▶ _Exercise brief_
Write out only the lines from the top of the listing below through the one with "全長水路3.5公里,歷時一小", exactly as they stand, while keeping pictures out of the copy.

▶ _Data provided_
§
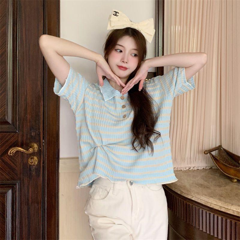 Летняя футболка с открытыми плечами, женская трикотажная футболка с воротником-поло, милый дизайн с короткими рукавами — купить товар онлайн с бесплатной доставкой по всему миру!
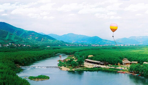 全長水路3.5公里,歷時一小時左右,由專業(yè)筏工點篙撐筏,順莫干山、天目山支流匯合雙溪而下。溪水清澈明凈,水面時有翠鳥、鴨子等出沒,兩岸茶山蔥籠,淡竹林綿延不絕。溪邊有“苧翁垂釣”、“村姑搗衣”,實屬一幅天然水墨風(fēng)情畫,都市喧囂在此蕩然無存,令總裁們也卸下了平日繁重的工作包袱,與孩子們置身于秀美山水之間,盡情享受著天倫之樂。
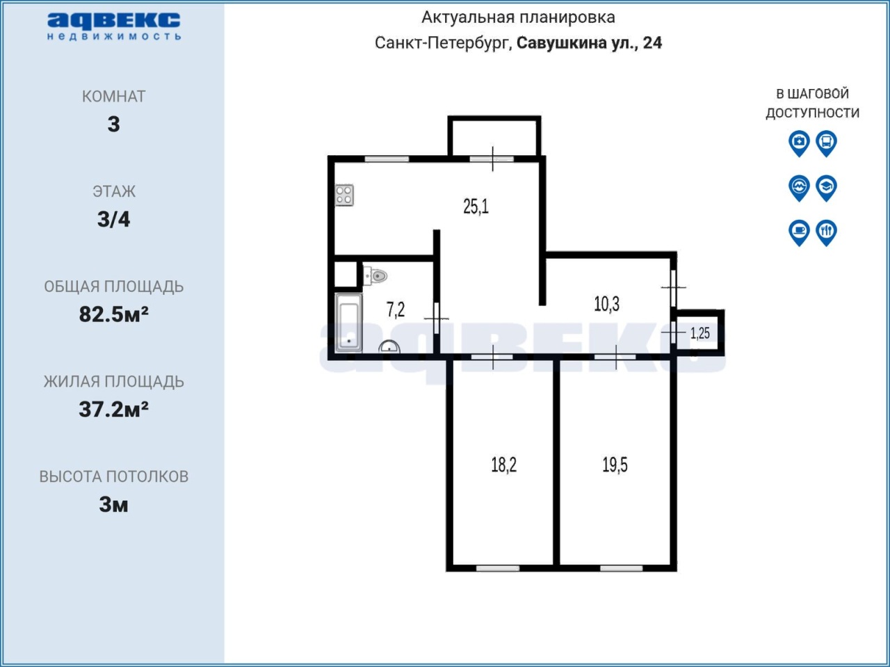 | Этаж | 3 | Общая площадь | 82.5 кв.м. |
§
▶ _Written solution_
 Летняя футболка с открытыми плечами, женская трикотажная футболка с воротником-поло, милый дизайн с короткими рукавами — купить товар онлайн с бесплатной доставкой по всему миру!
 全長水路3.5公里,歷時一小時左右,由專業(yè)筏工點篙撐筏,順莫干山、天目山支流匯合雙溪而下。溪水清澈明凈,水面時有翠鳥、鴨子等出沒,兩岸茶山蔥籠,淡竹林綿延不絕。溪邊有“苧翁垂釣”、“村姑搗衣”,實屬一幅天然水墨風(fēng)情畫,都市喧囂在此蕩然無存,令總裁們也卸下了平日繁重的工作包袱,與孩子們置身于秀美山水之間,盡情享受著天倫之樂。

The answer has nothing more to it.